Health problems associated with MDMA have been escalating as users have been taking increasingly high doses, Siegel said. Extensive research is needed before the drug is made available by prescription, he said, because little is known about its long-term effects and toxicity. And, he said, MDMA has a fairly narrow “index of safety.” The dose of MDMA “that gets you high and the dose that kills you is narrower” than many drugs, including LSD.

Known as ‘Love Drug’

MDMA--3, 4-methylenedioxymethamphetamine--has a chemical composition that is related to both amphetamines and mescaline. It is known as “the love drug” on college campuses where it is considered to be an aphrodisiac, but users who were interviewed said it precipitates emotional, not sexual, feelings.

“You can’t sleaze with it,” said student Jeff Manning who has taken the drug several times for the “experience.” “Your true emotions come out, and nobody’s going to do something they don’t want to do. It’s not a scary, trippy drug. It won’t take you someplace you don’t want to go.”

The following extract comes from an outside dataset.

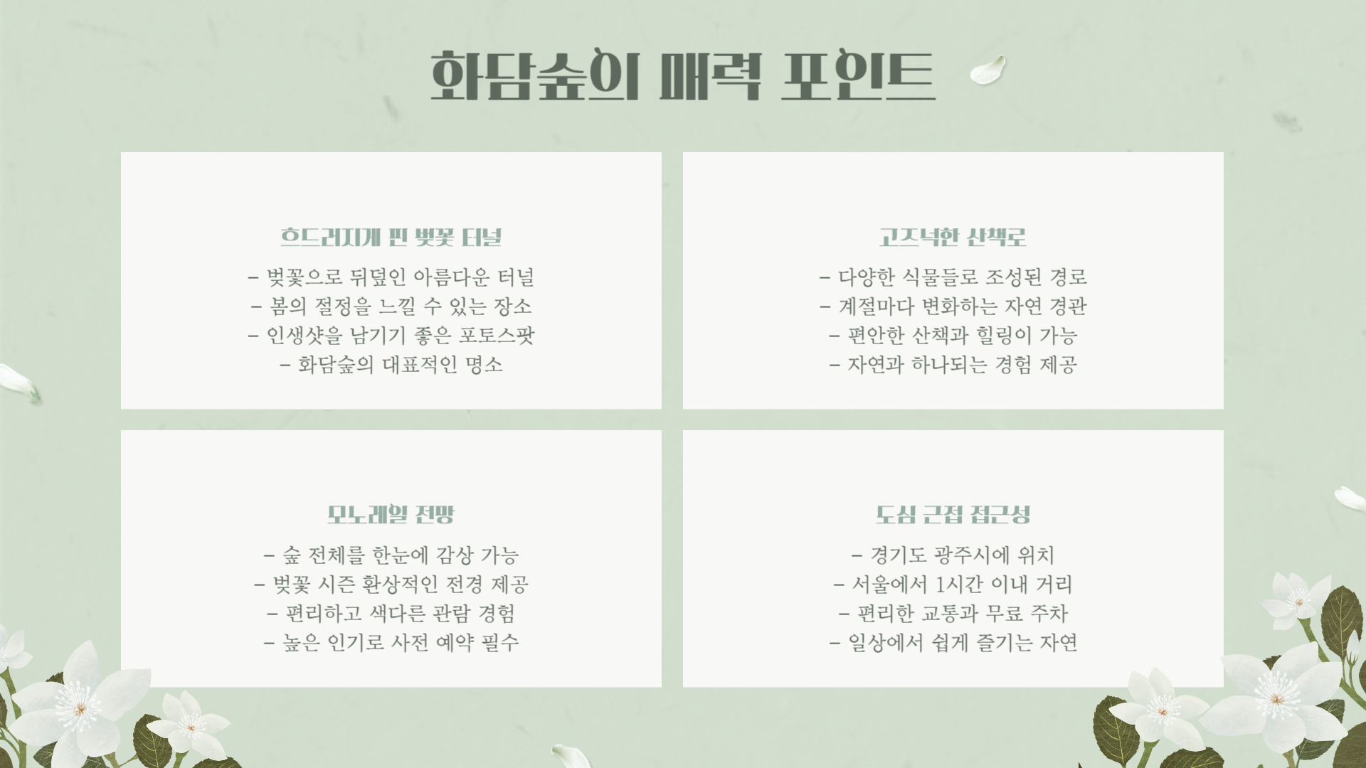 | 화담숲 봄꽃 안내사항 | |

DEA officials should not be misled by the “love drug” and “ecstasy” labels, said Tamm, who used the drug several times in therapy after being assaulted. If the drug is outlawed because of street use, she said, the harm will be irreparable.

“I’d hate to think that others who have gone through an experience like mine wouldn’t be able to use MDMA,” she said. “I don’t know what shape I’d be in now without the drug.”